**Work instructions**
From the line that contains "- Once you’re" through the last line of the data, copy everything exactly and nothing else, omitting the pictures.

**Exercise data**
—————
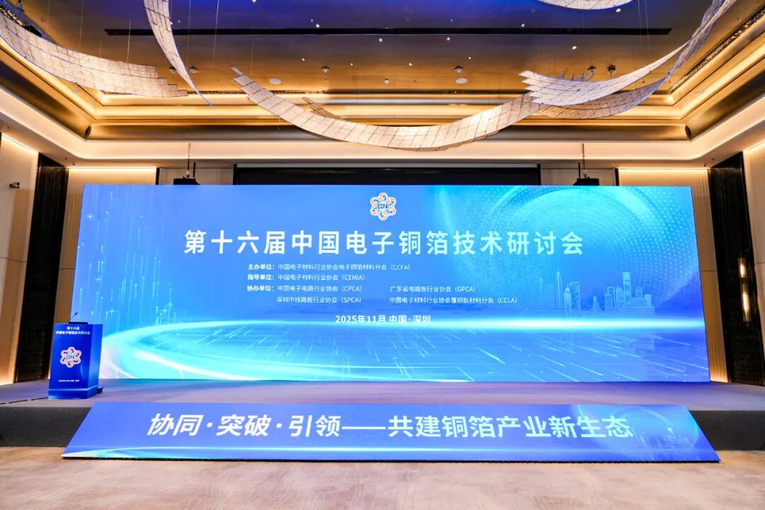 11月20日,“第十六届中国电子铜箔技术研讨会”在深圳市成功召开!本届研讨会由中国电子材料行业协会电子铜箔材料分会主办。来自铜箔行业生产厂家、配套装备制造厂家、锂电池行业、覆铜板行业、PCB行业、相关科研院校等单位的领导、专家及技术代表出席大会。
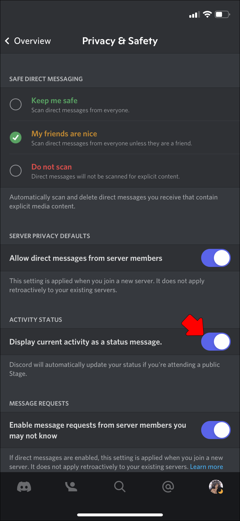 - Once you’re on the Privacy & Safety settings page, switch off the toggle for “Display current activity as a status message.”
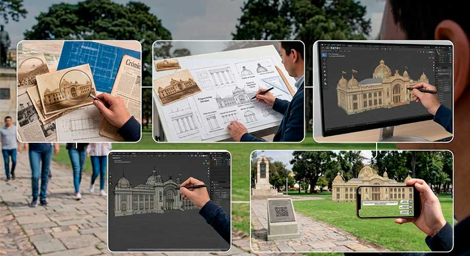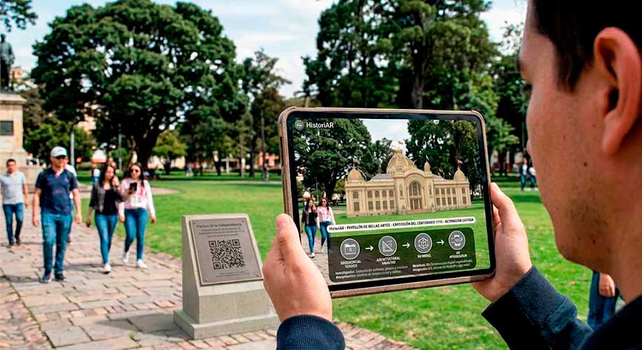 En el caso de HistoriAR, la tecnología se utiliza para reconstruir digitalmente los pabellones desaparecidos de la Exposición del Centenario de 1910 en el Parque de la Independencia de Bogotá.
—————
**Exercise response**
 - Once you’re on the Privacy & Safety settings page, switch off the toggle for “Display current activity as a status message.”
 En el caso de HistoriAR, la tecnología se utiliza para reconstruir digitalmente los pabellones desaparecidos de la Exposición del Centenario de 1910 en el Parque de la Independencia de Bogotá.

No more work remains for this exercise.